Goal #1: Alleviate Burdens
Employees responsible for monitoring hundreds of member organizations were exhausted. Relationships between them, transplant hospitals, and organ procurement centers were complicated and strained.
Goal #2: Expedite Decisions
Retrieving information took time that otherwise could be allocated to other mission-critical tasks. Data was stored in various locations, resulting in multiple touchpoints.
Goal #3: Improve Oversight
While the client's broader mission is to strengthen the organ donation and transplant system, our team's contribution focused on improving the day-to-day tools that oversight teams rely on to make informed decisions.
The Process

Lean, Not Mean, Iterating Machine

We approached this project leveraging a lean UX process, emphasizing on rapid iteration and validations while maintaining a close collaboration with stakeholders. This allowed us to adjust quickly and deliver solutions that aligned with both user needs and project goals.
This diagram illustrates our iterative design process. I led core aspects of the design and research process, from synthesizing user insights into deliverables to rapidly designing solutions and facilitating co-creation sessions.
The Solution

Answer Key

Our research uncovered the complex yet dependent relationships between oversight teams and partner organizations. Rather than looking to further divide these entities, we worked to dismantle their respective silos with the solution outlined below.

Modernized Approach

Given existing enterprise tooling and strict data security requirements, we embedded data visualizations within the client’s internal platform—balancing usability, compliance, and scalability.
Two mobile mockups.

Consolidated Data

We unified data from spreadsheets, legacy systems, and external sources into a single experience.
Two mobile mockups.

50+ Insight Cards

We surfaced 50+ actionable insights designed around high-frequency oversight decisions, with accessibility standards applied across all visualizations.
Two mobile mockups.
My Role

Fit For a King

I worked as the end-to-end UX Designer and Researcher on this year-long engagement. I was empowered by two different Design Directors and a UX Lead and worked alongside a Senior Data Visualization Lead, SharePoint Developer, Business Analyst, and Project Manager.
This timeline illustrates key milestones and how the design team evolved throughout the project. I played a central role in maintaining continuity across both contract periods, helping the project team deliver value that led to consistent engagement with the client.
My Contributions

Let’s Do the Numbers

I completed two consecutive contract periods on this project and consistently delivered value for our client.

250+

Wireframes

I produced and iterated on wireframes to rapidly validate concepts and support MVP development.

1

Award Submission

I collaborated with the team on a submission for an internal company award, which won the category of Client Co-Innovation within our market unit.

1

Design System

I documented UI elements to ensure visual consistency of platform and expedite the turnaround of hi-fi designs for client review and development hand-off.

16

Co-Creation Sessions

I led all 16 co-creation sessions with primary and secondary users to inform design iterations and validate decisions.

6

User Personas

I synthesized research findings from user interviews to generate 6 user personas and other strategic insights.

1

Application Map

I organized the information architecture of the platform into an application map.

Phase I

Discovering & Uncovering Information

This project started with a series of user interviews conducted in parallel with a review of process documentation across different client teams. Our research revealed that users across departments relied on the same data for their work but operated in silos. Information was scattered across spreadsheets, external websites, and homegrown tools, making data retrieval inconsistent and time-consuming. This led us to prioritize a unified information architecture.

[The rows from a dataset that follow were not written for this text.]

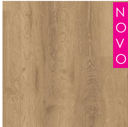
NOVO CARVALHO EVEREST QSMN0314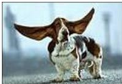
Sjov hund, billede fra internettet

ke en forbedring siden Ugebladet havde bragt brevet. "Nogle få viser mere hensyn nu, men der er også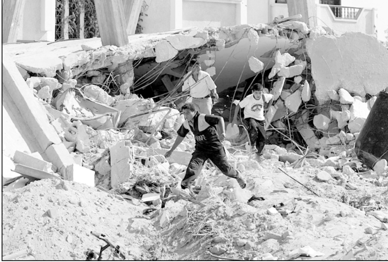
فتية يتفقدون الدمار الذي خلفه الاسرائيليون في مخيم رفح الجمعة

وقال «العراق يخربق في نهر الدم من جديد بالقتل الامريكي بالطائرات المتطورة والمدافع والصواريخ على المدنيين من جهة وعلى الرافضين للاحتلال المغطى بالغطاء الرسمي من جهة اخرى وضد اقدس ارض في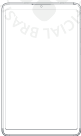
Tablet Redmi Pad SE 8.7"

Este manual se aplica apenas aos produtos importados e distribuídos no território brasileiro pela DL Comércio e Indústria de Produtos Eletrônicos Ltda. (DL) , distribuidora reconhecida como oficial pela XIAOMI Corporation.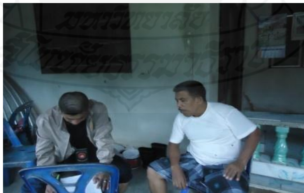
ภาพที่ 1.39 ภาพการสัมภาษณ์

We have a societal responsibility if critical resources are being offered to us and we're saying no. There's an opportunity there. I think utilizing that data—and everything before this—is really powerful.

Primary User

From these insights, I generated 6 user personas to capture distinct needs and pain points expressed during the sessions. I also designed initial wireframes and proposed an application map to unify data in one centralized application, organizing clearly how users would navigate and interact with the platform. I presented these to the client as artifacts of understanding the user and where we could go.
Lo-fi concepts I mocked up that aligned to user pain points, which were shared with the client to demonstrate early design thinking and inform the next phase of the contract. These, alongside the user personas and application map I also created (not pictured), helped validate our approach and extend the period of performance.
Phase II

All Wired Up

With prior deliverables in one hand and a new period of performance in the other, I felt eager to maintain the team's momentum. We entered a rapid iteration loop where designs were continuously showcased in client reviews. Each round fed directly into changes, blurring the lines between formal research and validation. Not only did this allow the client to visualize the solution before implementation, but it also ensured what was implemented truly delivered value. These sessions shifted design reviews from approval checkpoints into collaborative problem-solving conversations, accelerating alignment and reducing rework.
One of 16 client co-creation sessions I facilitated remotely with key stakeholders and other members of the design team. This was part of our iteration cycle to regularly gather input and align design direction.
Recieved Feedback

Validated & Celebrated

Throughout our co-creation sessions, we consistently received positive feedback from both users and key client stakeholders. Users shared that the application could significantly reduce reporting time and help them quickly identify data anomalies—something they hadn’t been able to do before. Stakeholders also expressed that the solution was exactly what they’d been hoping for.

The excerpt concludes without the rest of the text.